Exercise details —
The whole listing needs to be written out exactly, except for any images.

Data below —
++++++
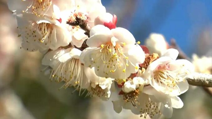 静岡県内は2月14日、春本番を思わせる陽気となり、季節外れの暖かな一日となりました。静岡市の梅園では例年よりも早く梅が咲き始め、春の訪れを告げています。<坂口将也記者>「午後1時前、静岡市の駿府城公園で…
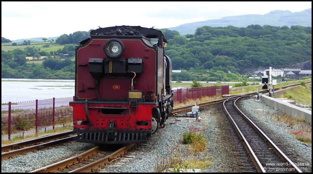 After uncoupling from the train, WHR No 138 heads across the Cob to Bston Lodge
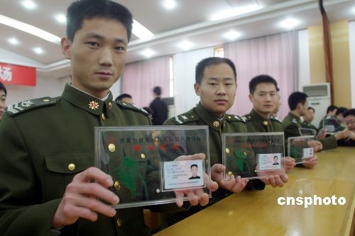 2009年2月26日,濟(jì)南警備區(qū)、濟(jì)南市公安局聯(lián)合舉行駐濟(jì)部隊(duì)現(xiàn)役軍人居民身份證首發(fā)儀式。自此,濟(jì)南市為駐濟(jì)部隊(duì)申領(lǐng)發(fā)放具名身份證工作正式啟動(dòng)。此舉將對(duì)部隊(duì)人員辦理儲(chǔ)蓄、保險(xiǎn)、買車、購(gòu)房等涉及個(gè)人權(quán)益事物時(shí)帶來(lái)便捷。中新社發(fā) 龔輝 攝
++++++
Solution —
 静岡県内は2月14日、春本番を思わせる陽気となり、季節外れの暖かな一日となりました。静岡市の梅園では例年よりも早く梅が咲き始め、春の訪れを告げています。<坂口将也記者>「午後1時前、静岡市の駿府城公園で…
 After uncoupling from the train, WHR No 138 heads across the Cob to Bston Lodge
 2009年2月26日,濟(jì)南警備區(qū)、濟(jì)南市公安局聯(lián)合舉行駐濟(jì)部隊(duì)現(xiàn)役軍人居民身份證首發(fā)儀式。自此,濟(jì)南市為駐濟(jì)部隊(duì)申領(lǐng)發(fā)放具名身份證工作正式啟動(dòng)。此舉將對(duì)部隊(duì)人員辦理儲(chǔ)蓄、保險(xiǎn)、買車、購(gòu)房等涉及個(gè)人權(quán)益事物時(shí)帶來(lái)便捷。中新社發(fā) 龔輝 攝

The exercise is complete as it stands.